Employer branding has become a buzzword within most organisations over the last year. Businesses have started to realise that the external values and ethics they advertise on behalf of the company need to be believed and resonated by their employees.
What is employer branding?
Employer branding is the internal culture a company creates based on their brand story, and how employees live out the brand values both internally and externally.
The importance of employer branding in organisations
As competition increases, organisations need to realise the importance of a strong employer brand and the benefits it creates. Some benefits of an employer brand include:
- Attracting and retaining top talent
- Increased financial performance
- Increased motivation and engagement of employees
- Becoming an ‘employer of choice’ - job-seekers are increasingly looking for companies that offer more than salary increases
Role of marketing in building the employer brand
It is the role of a company’s marketing department to deliver consistent brand messages to all external stakeholders. Marketing should have a thorough understanding of a company’s brand, what it means and how it should be communicated. A brand needs to start from the inside out and it is for this reason many marketers believe that the employee brand needs to sit under the marketing umbrella.

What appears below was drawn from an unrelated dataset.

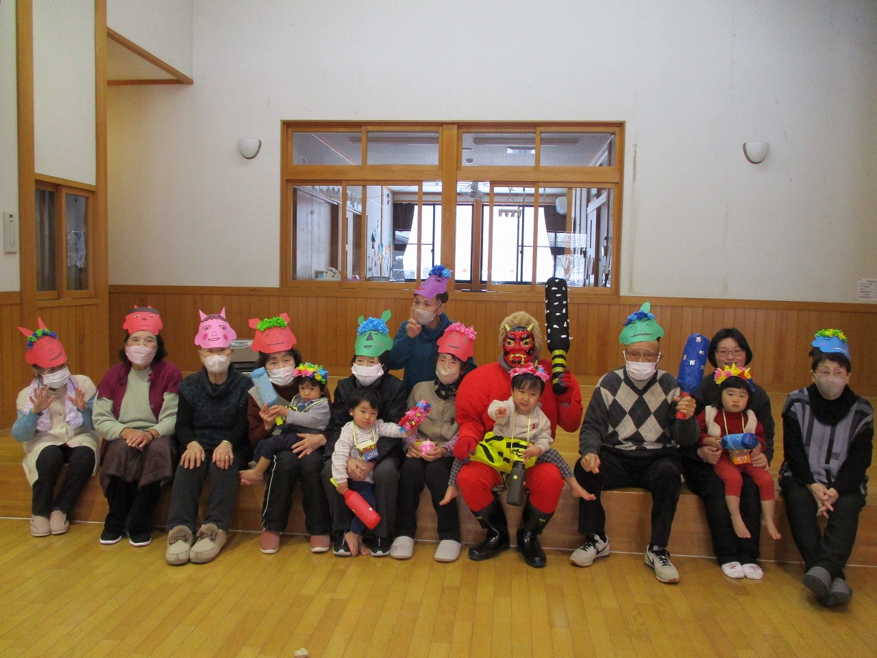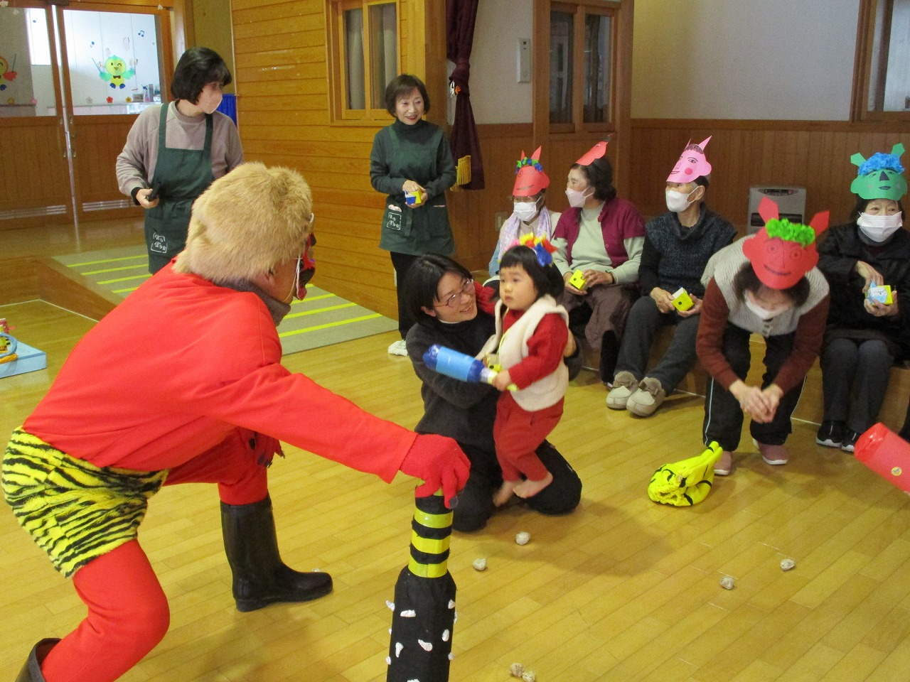 ほのぼの館の方と一緒に行いました。節分のお話を聞いた後、おばあちゃんたちと鬼のゲーム(輪投げ、的当てなど)をして遊んでいると…「ドン!ドン!」大きな音が聞こえてきて、わかあゆにもこわ〜い鬼がやって来ました!子どもたちは豆をまくのをすっかり忘れて逃げたり、泣いたり大騒ぎ!おばあちゃんたちは鬼に襲われながらも豆をまいて鬼に立ち向かって下さったおかげで子どもたちも豆をがんばって投げ、鬼を追い払うことができました。最後はすっかり良い鬼になって再び登場!!まだまだ怖かったけど一緒に写真を撮ったり抱っこしてもらったりして鬼と仲良くなりました。

Both HR and marketing functions have the skills to deliver certain elements of the employer brand and should work together to create a unified strategy.
Role of HR in building the employer brand
HR is the face of a company’s recruitment process and is often the first impression new employees have with your company. HR also sets company policies that are closely aligned to the organisation’s values. These give some HR professionals reason to believe employer branding should sit under the responsibility of the HR function.
There are various elements to an employer brand and understanding these means that it doesn’t belong to a single function. Employer branding is not a duty of marketing or HR.
Both functions have the skills and capabilities to deliver certain elements of the employer brand and they should work together to create a unified strategy. Marketing and HR also need to work together to get a third integral element in place - a company’s CEO/MD. Having leadership visibility strengthens a company’s employer brand.